■ WHAT IS EXPECTED
Your answer should hold only the lines from the start of the data below through the line with "Turn heads in", copied exactly, with pictures left out.

Entries taken from a collection
+--
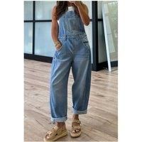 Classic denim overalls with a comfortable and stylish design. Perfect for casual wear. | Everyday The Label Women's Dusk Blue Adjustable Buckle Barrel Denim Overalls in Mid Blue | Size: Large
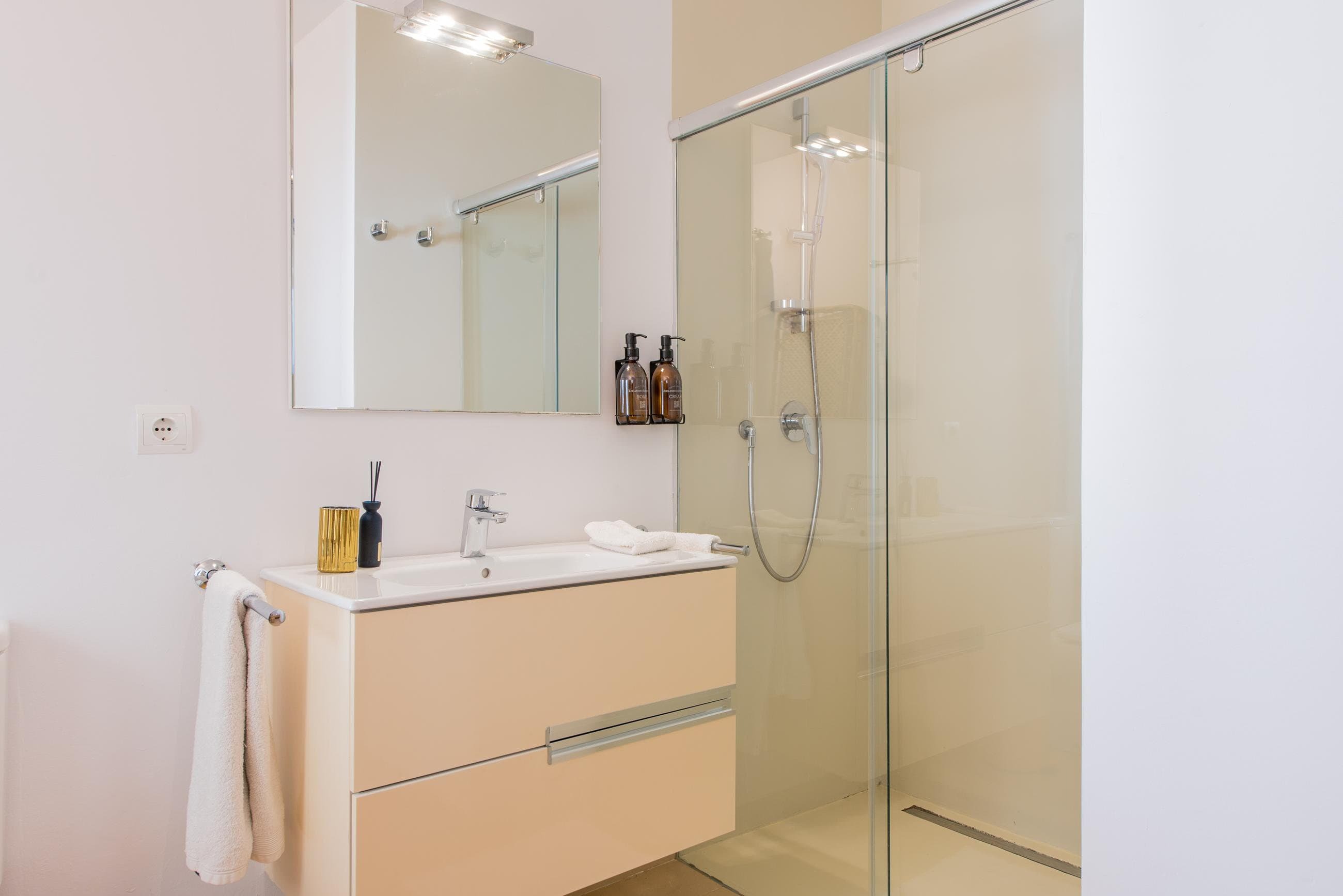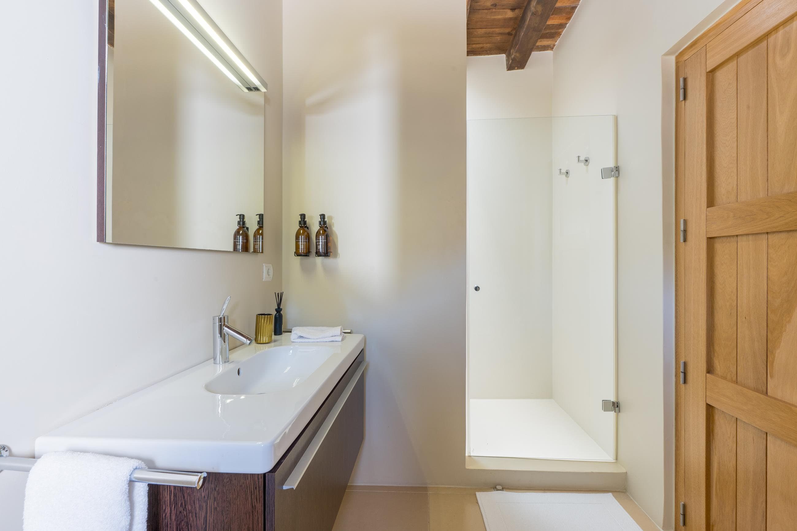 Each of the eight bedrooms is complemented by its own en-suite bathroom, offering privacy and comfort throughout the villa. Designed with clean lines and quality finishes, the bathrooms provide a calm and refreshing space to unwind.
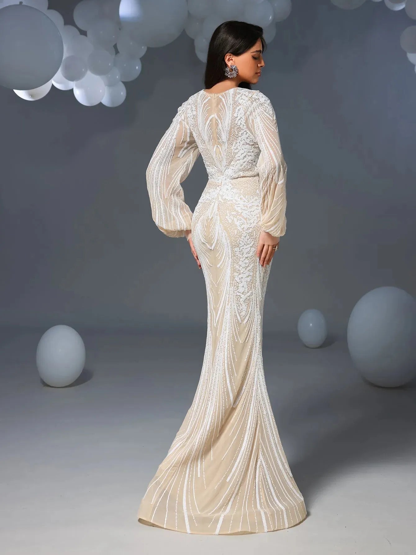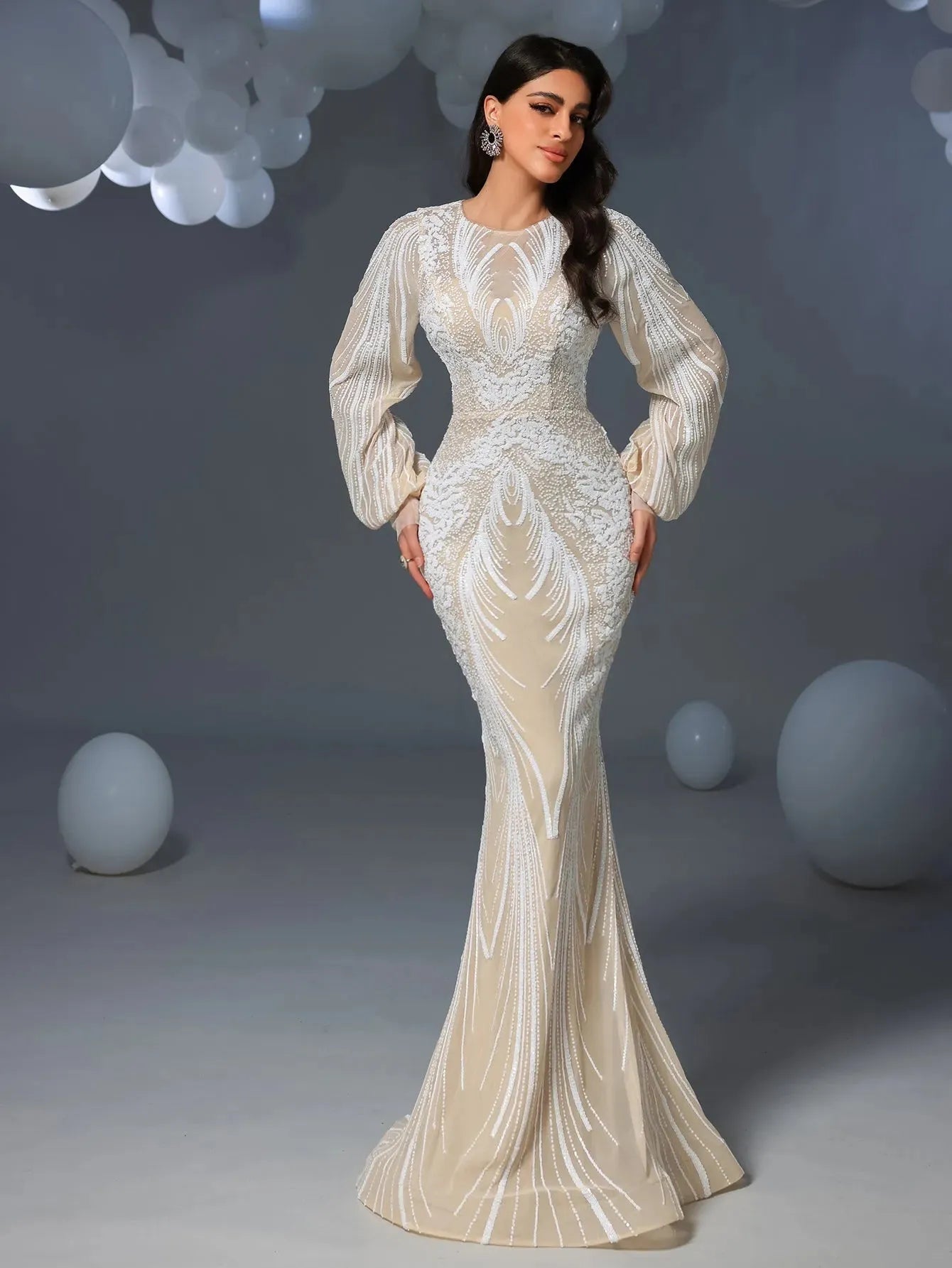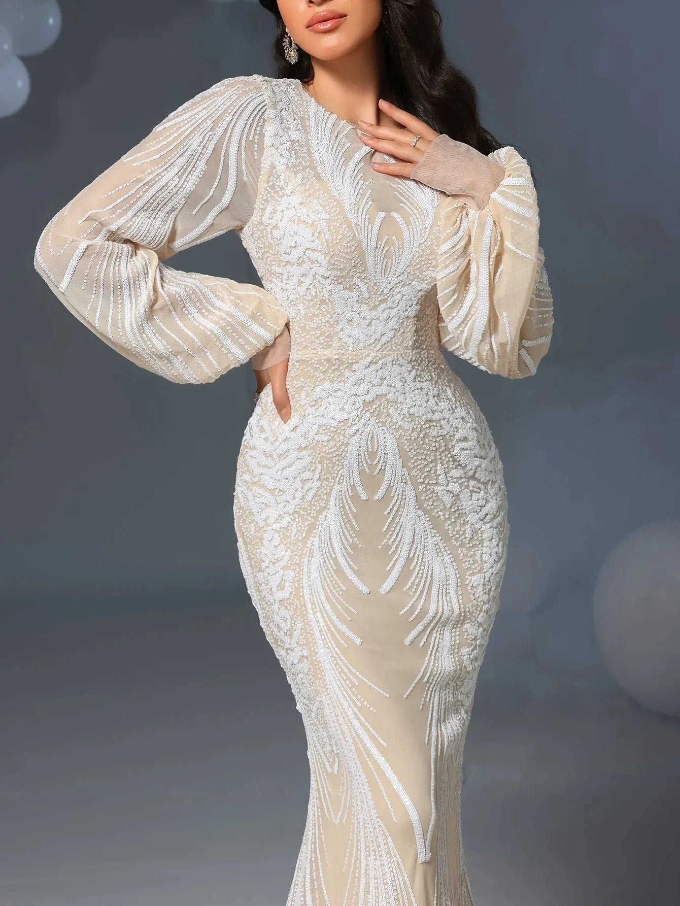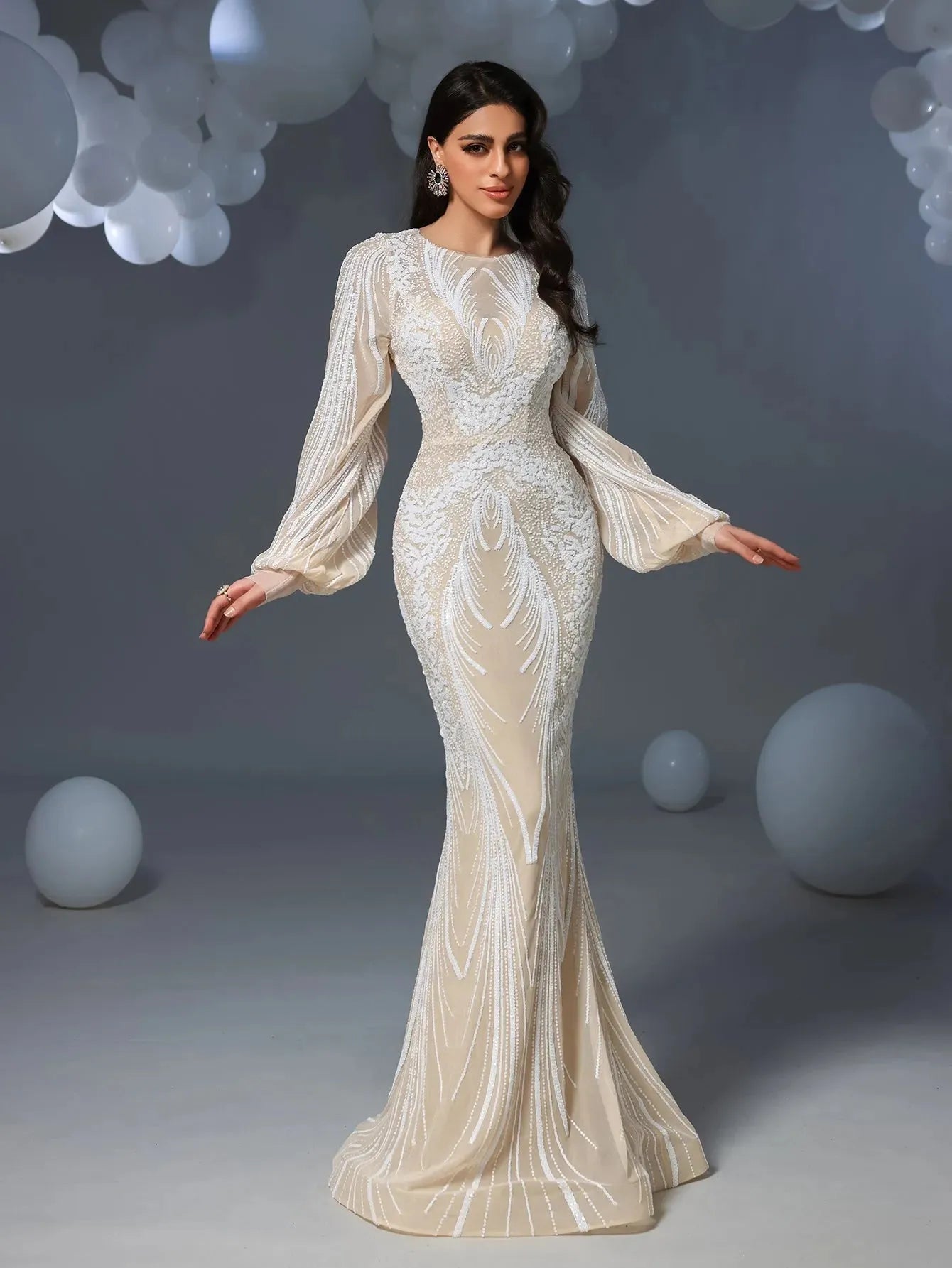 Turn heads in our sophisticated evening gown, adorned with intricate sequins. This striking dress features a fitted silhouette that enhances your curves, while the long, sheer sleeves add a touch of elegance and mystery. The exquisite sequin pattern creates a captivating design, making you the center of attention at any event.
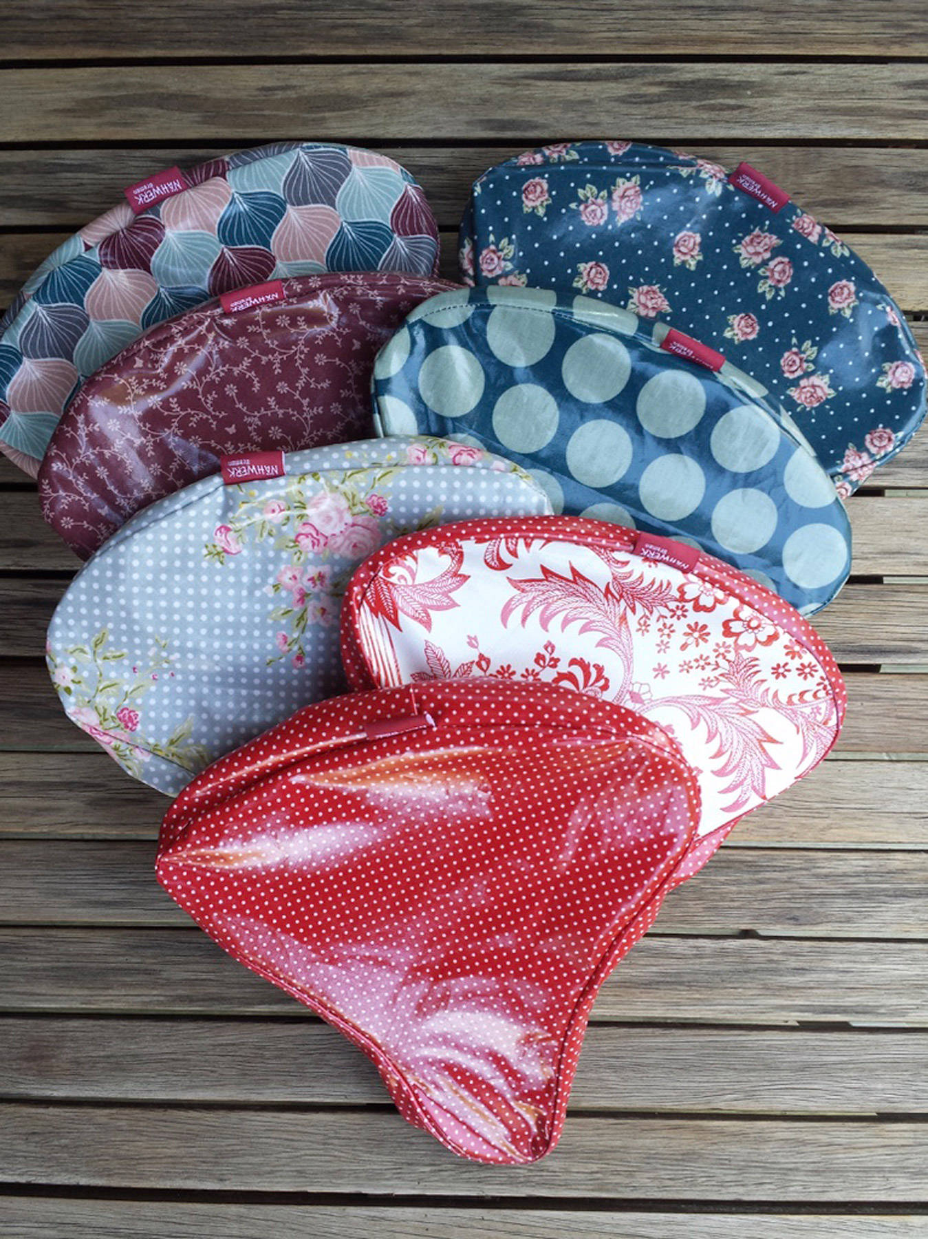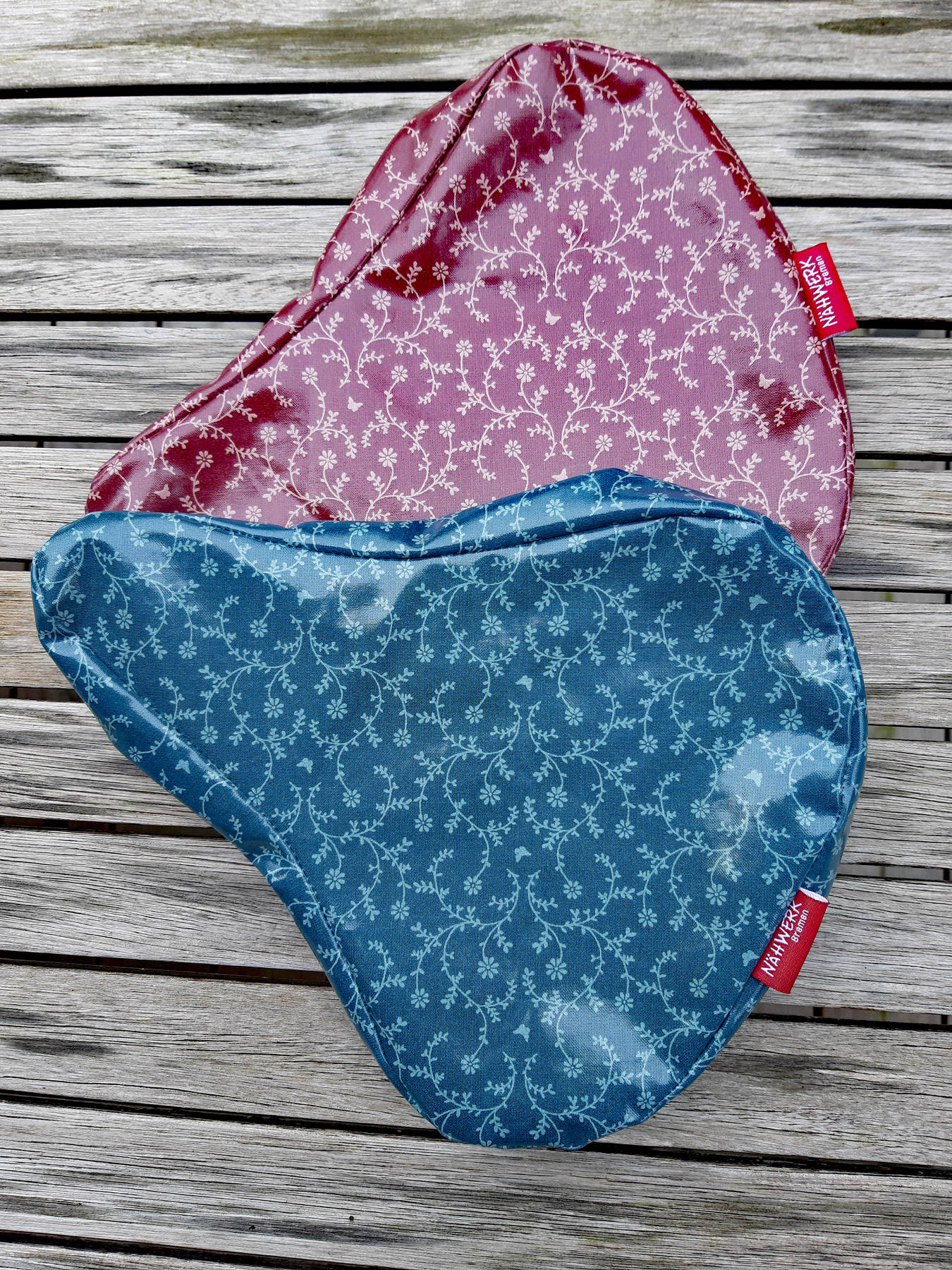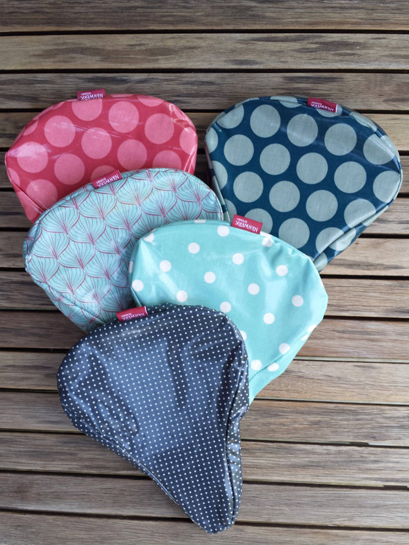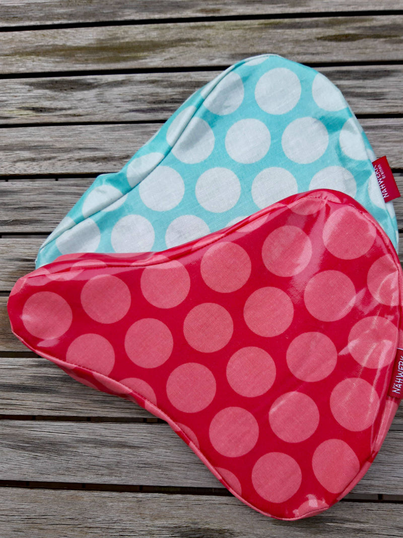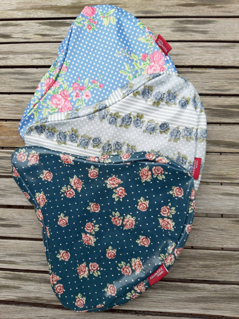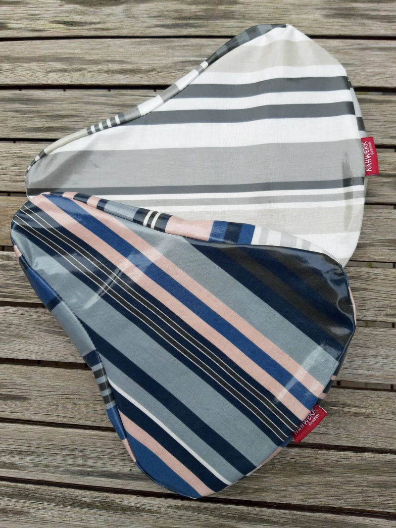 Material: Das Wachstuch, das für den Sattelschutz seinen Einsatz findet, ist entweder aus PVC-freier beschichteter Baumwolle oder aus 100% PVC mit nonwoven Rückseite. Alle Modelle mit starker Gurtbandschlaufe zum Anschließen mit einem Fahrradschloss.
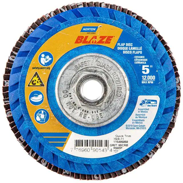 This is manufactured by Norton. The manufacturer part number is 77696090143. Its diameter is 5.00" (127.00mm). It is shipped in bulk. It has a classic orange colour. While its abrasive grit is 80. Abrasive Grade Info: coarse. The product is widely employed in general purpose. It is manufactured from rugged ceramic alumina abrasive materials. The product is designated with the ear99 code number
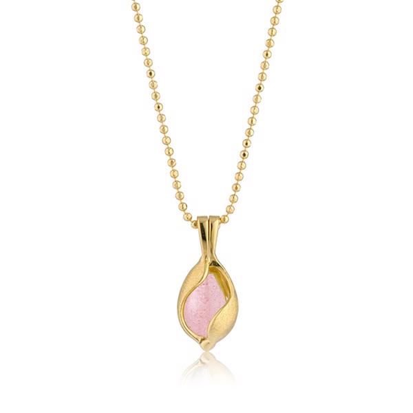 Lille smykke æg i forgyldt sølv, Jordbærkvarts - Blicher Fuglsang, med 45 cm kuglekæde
+--
■ EXERCISE RESPONSE
 Classic denim overalls with a comfortable and stylish design. Perfect for casual wear. | Everyday The Label Women's Dusk Blue Adjustable Buckle Barrel Denim Overalls in Mid Blue | Size: Large
 Each of the eight bedrooms is complemented by its own en-suite bathroom, offering privacy and comfort throughout the villa. Designed with clean lines and quality finishes, the bathrooms provide a calm and refreshing space to unwind.
 Turn heads in our sophisticated evening gown, adorned with intricate sequins. This striking dress features a fitted silhouette that enhances your curves, while the long, sheer sleeves add a touch of elegance and mystery. The exquisite sequin pattern creates a captivating design, making you the center of attention at any event.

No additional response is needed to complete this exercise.